■ **WHAT NEEDS TO BE DONE**: Skip all pictures. Set down only the lines starting at the line containing "Спинку можно установить" and running to the end of the listing.

─── DATASET CONTENT ───

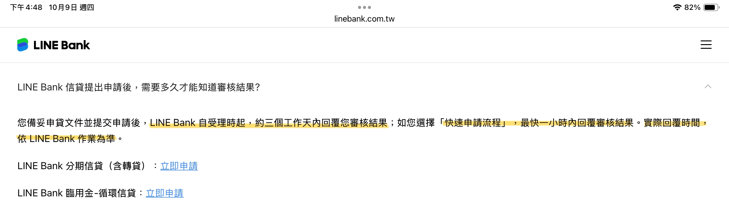 其實line bank官網寫的信貸審核時間都很迅速,約只要三天工作日就會回覆你的線上審核結果,而且選擇快速申請流程就可以在一小時內收到回覆,但一切都有但是!實際上回覆時間還是會按照line bank信貸審核流程為主!所以才會在Dcard上看到每個人收到的時間都不相同,有的還會一拖再拖,但有的人卻很快收到回覆。
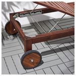 Спинку можно установить в одном из пяти положений. Легко передвигать благодаря колесикам. Сделайте шезлонг максимально комфортным, дополнив его понравившейся подушкой или подстилкой. Мебель обработана полупрозрачной морилкой в несколько слоев.
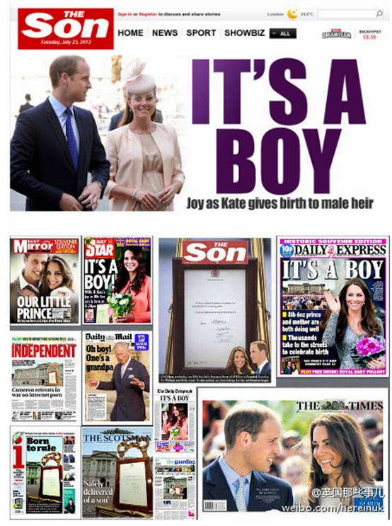 22日,凯特王妃诞下男婴,他将成为英国未来国王的第三个顺位继承人。英国疯狂了。各大头版、整版大图、超大字号的新闻版面也彰显着媒体同样嗨翻了——然而,他们又悲剧了。面对《太阳报The Sun》改为《太子报The Son》的报头,其他媒体想破脑袋的爆炸性标题,被秒成了渣。
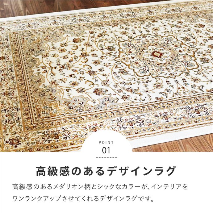 クラシック調の美しいデザインが、インテリアに華やかさを加える『Bahariya(バハレイヤ)』ウィルトン織ラグ。高密度に織り上げたパイルは耐久性があり、遊び毛も出にくいためお手入れも簡単。ヒートセット加工により、ゴミが入りにくく、長期間美しい状態を保てます。さらに床暖房やホットカーペットにも対応しており、オールシーズン快適に使用可能。シンプルな部屋にも上品なアクセントを加える一枚です。

───

■ **RESULT FOR THIS TASK**:
 Спинку можно установить в одном из пяти положений. Легко передвигать благодаря колесикам. Сделайте шезлонг максимально комфортным, дополнив его понравившейся подушкой или подстилкой. Мебель обработана полупрозрачной морилкой в несколько слоев.
 22日,凯特王妃诞下男婴,他将成为英国未来国王的第三个顺位继承人。英国疯狂了。各大头版、整版大图、超大字号的新闻版面也彰显着媒体同样嗨翻了——然而,他们又悲剧了。面对《太阳报The Sun》改为《太子报The Son》的报头,其他媒体想破脑袋的爆炸性标题,被秒成了渣。
 クラシック調の美しいデザインが、インテリアに華やかさを加える『Bahariya(バハレイヤ)』ウィルトン織ラグ。高密度に織り上げたパイルは耐久性があり、遊び毛も出にくいためお手入れも簡単。ヒートセット加工により、ゴミが入りにくく、長期間美しい状態を保てます。さらに床暖房やホットカーペットにも対応しており、オールシーズン快適に使用可能。シンプルな部屋にも上品なアクセントを加える一枚です。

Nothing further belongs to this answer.